I've done some searching on the MT threads and it looks like there are a few current and former Albuquerque residents here. Can anyone recommend a good school or two for me to check out? 

Any tips would be appreciated. Sorry for the long-winded post.


----------



## Ceicei (Feb 2, 2007)

I used to live in Albuquerque (grew up there, my childhood home).  Admittedly, I am biased when it comes to style, so my best suggestion would be to go visit different schools and watch a class or two.  If they will allow you to take a trial class at little or no charge, then take that opportunity.  Watch how the instructors teach--do you like the way they teach?  How do the students respond?  How does the environment feel to you?  Ask about their philosophy, the tuition, their policies.  Most of all, enjoy your exploration and soon you will be able to locate one that appeals most to you.

- Ceicei


----------



## elder999 (Feb 2, 2007)

Skillet Licker said:


> I It happens that there are two schools within walking distance of my home: one specializes in Brazilian Jiujitsu and the other in Kung Fu. There are also other schools within a short drive (TKD, Kenpo, Tai Chi, Muay Thai, FMA, etc.)..


 

Don't know which of the BJJ schools you're talking about, but they're mostly okay. As  for Kung Fu, all I can say is _Chinese Culture Center_, good,_Chinese Shao-Lin Center_, *bad*.


----------



## Skillet Licker (Feb 2, 2007)

elder999 said:


> Don't know which of the BJJ schools you're talking about, but they're mostly okay. As  for Kung Fu, all I can say is _Chinese Culture Center_, good,_Chinese Shao-Lin Center_, *bad*.

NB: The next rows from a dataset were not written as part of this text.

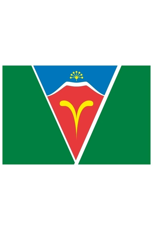 Прямоугольное полотнище с соотношением ширины к длине 2:3, воспроизводящее композицию герба города Ишимбая в зелёном, красном, синем, белом и жёлтом цветах.
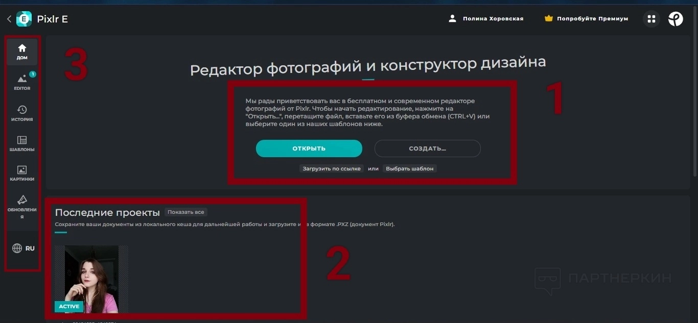 - Меню. В меню можно вернуться к редактированию открытого проекта, посмотреть историю действий, шаблоны, готовые картинки и обновления сервиса. Также можно настроить язык сервиса.
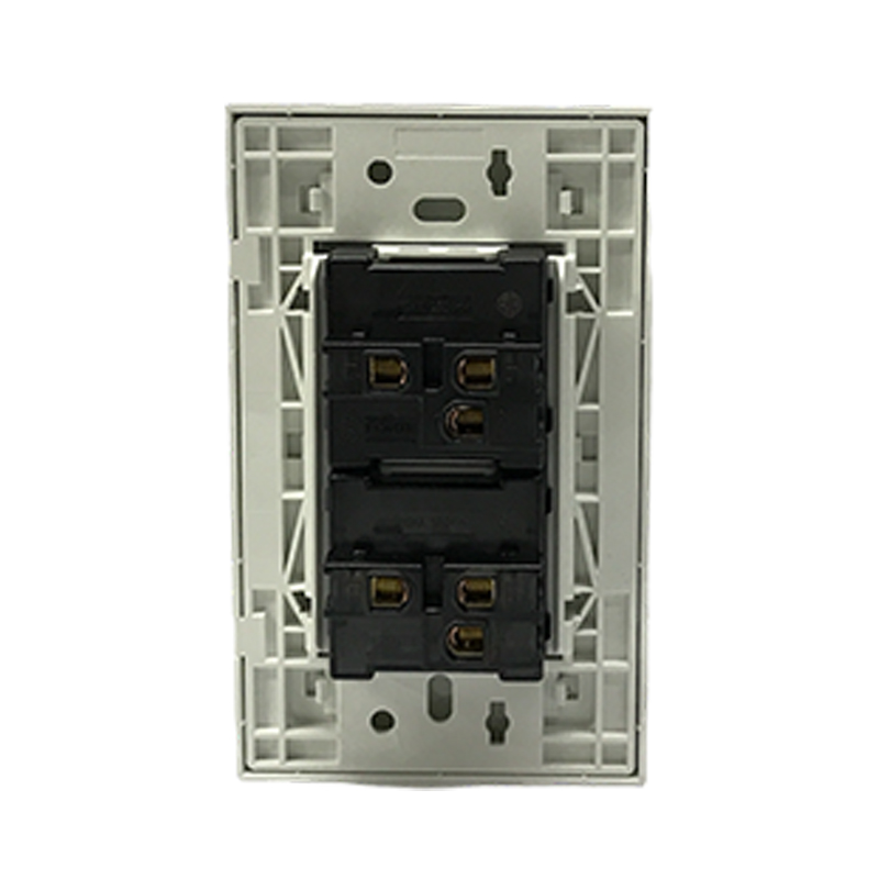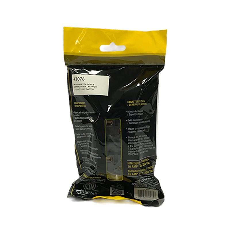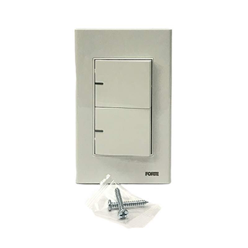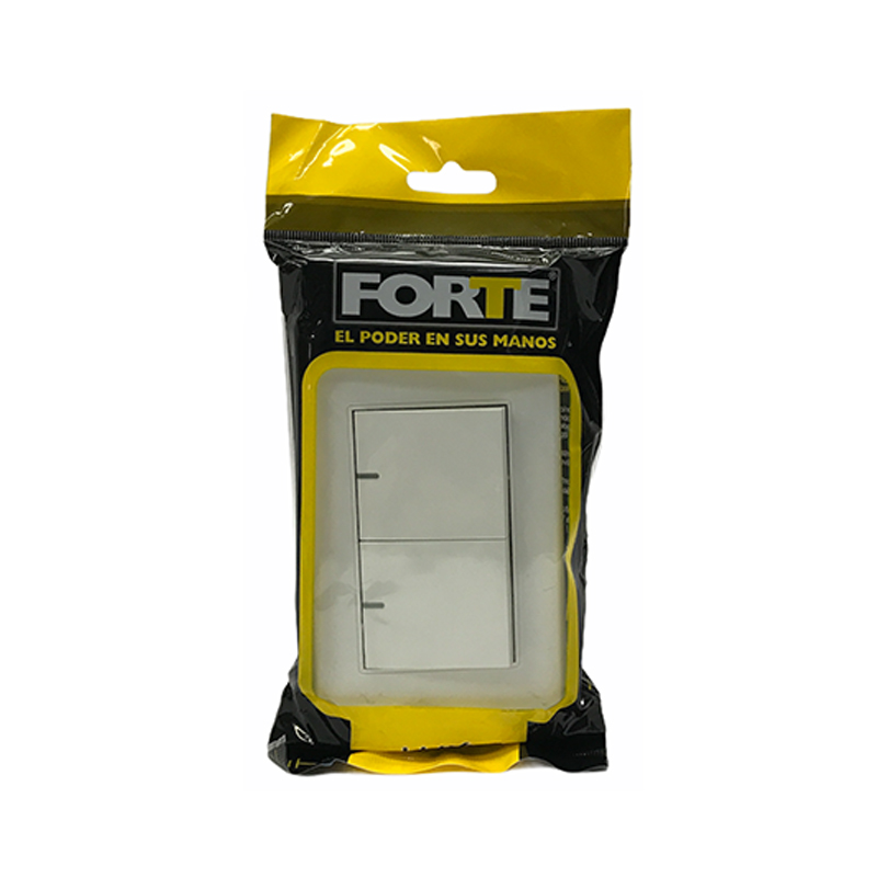 Interruptor doble para incrustar en la pared. Para el encendido y apagado de circuitos de iluminación con bombillos incandescentes, flourescentes, ahorradores y LED. Permite el control ON/ OFF de luminarias y circuitos desde dos lugares diferentes. Fabricado en policarbonato, contactos punto de plata y herrajes en cobre. . Funciona con un voltaje a 125 a 250 V para el uso en circuitos de 10 Amp. Dimensiones: 118mm*73mm. Indicado para instalaciones residenciales y comerciales. Cumple con normas internacionales IEC y con RETIE . Serie A10 de FORTE. Referencia A1022.

Wow. I was really wondering about the Chinese Shao-Lin Center - slick website and all. Chinese Culture Center looks good, though.

Thanks.

FWIW, I live near I-40 & Louisiana. The two schools closest to me are www.lotusdragon.com and www.newmexicobjj.com. Any thoughts on either of these two schools?


----------



## Ceicei (Feb 2, 2007)

Try out the New Mexico BJJ and see if you like it.  It is very, very physical and challenging style.

- Ceicei


----------



## arnisador (Feb 2, 2007)

I lived in ABQ last year while I was working at Sandia and studied here:
www.abqmartialarts.com

I really liked it there. I know that www.santafebjj.com has a great instructor and when I visited there I had a good impression of it. I heard good things about this school but was unable to visit it.


----------



## Brandon Fisher (Feb 3, 2007)

Here is my suggestion:
Jim Hawkes Karate AlbuquerqueNMShorin-RyuJames Hawkes
Hanshi Hawkes is the director of the United States Karate Alliance and a 9th Degree Black Belt.


----------



## still learning (Feb 3, 2007)

Hello, You may want to try JUDO!  Do not underestimate this form of martial arts.  Not many schools forcus on this..but the effectiveness of it is awesome.

There is more to JUDO than learning to fall or throw people.  The physcial contacts makes learning quicker, since alot times in a fighting situtions,you will be close to your attacker.

You will learn chokes,locks,wrestling skills, as you advance kicking and punching skills too.

We have been doing Kempo for long time...my son and daughter is on the HIGH school JUDO team, Plus I took a semester class (adult education).

Our Sensi's were great...and after training with them...you will learn...it is a great martial art to learn.  Very effective style!

Only way you will know is to  sign-up and try it for a while.......Aloha


----------